It didn't hurt too much mentos :lmao:


----------



## anicole (Feb 17, 2006)

I love the second one!  It immediately made me cringe and clench my fist!

Nice work, dude!


----------



## Raymond J Barlow (Feb 17, 2006)

willys for sure, nice work!


----------



## Arch (Feb 17, 2006)

Thanks for your comments nicole and raymond :thumbup:


----------



## Alexandra (Feb 17, 2006)

wow... the second one is for sure the darkest picture i've seen in a long time. I'm really lovin it :thumbup:


----------



## Calliope (Feb 17, 2006)

That's what I'm talking about!  Excellent shot!  :thumbup:


----------



## woodsac (Feb 17, 2006)

Love #2!
But I'm sure you knew I would


----------



## Chiller (Feb 17, 2006)

Very cool. THe second one ...killer shot.


----------



## Fate (Feb 17, 2006)

AMAZING  I love the second one, so cool!


----------



## slickhare (Feb 17, 2006)

interesting subject! the sc in the second shot is very nicely done! :thumbup::thumbup:


----------



## pursuer (Feb 18, 2006)

Amazing shots, very well done. :thumbup:


----------



## M @ k o (Feb 18, 2006)

Nice work Arch, Is the first done with the Lensbaby?

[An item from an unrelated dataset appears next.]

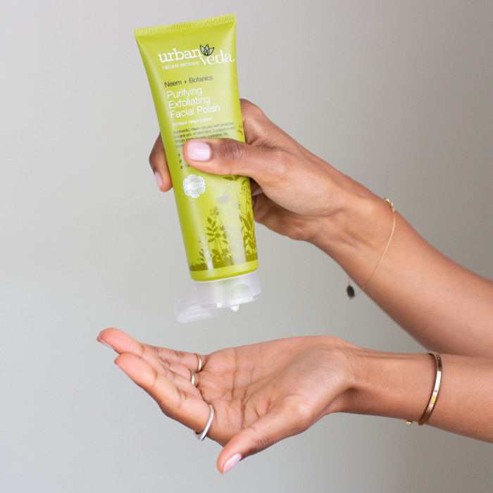 - Take a small amount of the Urban Veda Purifying Neem Tea Tree & Salicylic Acid Exfoliating Facial Polish and gently massage it onto your face in circular motions.

If so you captured the sweetspot perfect. #2  :thumbup:


----------



## jesusloving (Feb 18, 2006)

nice shot


----------



## duncanp (Feb 18, 2006)

great pic :thumbup:


----------



## Arch (Feb 18, 2006)

M @ k o said:
			
		

> Nice work Arch, Is the first done with the Lensbaby? If so you captured the sweetspot perfect. #2  :thumbup:



Na...its with  my 70-300 macro II, just focused in on the tube area.

Thanks v.much everyone :thumbup:


----------